Tahun ini Indonesia akan merayakan kemerdekaannya yang ke 72, setelah dijajah kolonial Belanda, Inggris dan Jepang silih berganti, tiga setengah abad lamanya. Dalam tiga dekade ke depan, Bangsa Indonesia akan memasuki usia satu abad, seratus tahun kemerdekaan; suatu batu pijak sejarah yang patut dipersiapkan dengan sebaik-baiknya.

Putaran Sejarah 20 Tahunan

Menengok ke belakang, setelah berabad-abad dijajah Belanda, sejarah pergerakan Indonesia dimulai pada awal abad ke 20, ditandai dengan lahirnya Boedi Oetomo tanggal 20 Mei 1908. Tonggak ini kita kenal dan kita kenang sebagai Hari Kebangkitan Nasional. Perjalanan menjadi bangsa merdeka berdaulat selanjutnya mengikuti putaran sejarah duapuluh tahunan. Nama-nama besar para perintis kemerdekaan, pendiri bangsa, pejuang kemerdekaan menjadi mozaik yang hingga kini kita kenang dengan penuh kebanggaan.

Tahun 1945 kita memperoleh Kemerdekaan, hasil perjuangan darah, keringat dan airmata, buah pemikiran dan pergulatan para pendiri bangsa. Kemerdekaan yang diraih sebagai gabungan antara kegigihan, persiapan, kesiapan, dan momentum yang hadir paska Perang Dunia II.

Dua puluh tahun kemudian, 1965 perubahan politik terjadi menutup babakan pemerintahan Orde Lama dibawah kepemimpian Soekarno, memasuki Orde Baru di bawah kepemimpinan Soeharto. Orientasi politik yang berlebihan yang melupakan pembangunan ekonomi menjadi pendorong tumbangnya Orde Lama.

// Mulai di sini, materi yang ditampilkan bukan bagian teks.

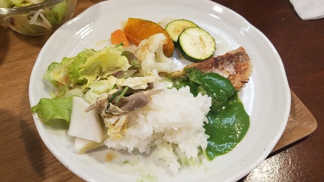 今日は鮭から抜けられない、最初はソースの酸味が強いと感じたが、もっと強いと良いかな?

Kepemimpinan Presiden Soeharto ditandai dengan fokus pada pembangunan ekonomi; mengabaikan hak-hak demokrasi rakyatnya. Ketika ekonomi mengalami kemajuan, mayarakat banyak yang memperoleh kesejahteraan, berpendidikan, daya kritis mulai terbangun. Dipadu dengan cara pengelolaan negara yang terlalu represif diwarnai praktik-praktik korupsi dan nepotisme, krisis ekonomi tahun 1997 menjadi pemicu reformasi politik.

Orde Baru selesai di titik ini dan masuklah kita ke Era Reformasi: suatu era yang diharapkan mampu menyuburkan praktik bernegara yang lebih demokratis, transparan, bebas dari praktik korupsi dan penyalahgunaan kekuasaan. Sekurang-kurangnya begitulah harapan dari para penggerak reformasi 1998.

Hampir dua puluh tahun berlalu, Era Reformasi kita lalui dengan aneka ragam pengalaman dan pembelajaran berdemokrasi. Lima Presiden telah silih berganti memimpin negara kita: BJ Habibie, KH Abdurrahman Wahid, Megawati Soekarno Putri, Susilo Bambang Yudhoyono, dan kini Joko Widodo.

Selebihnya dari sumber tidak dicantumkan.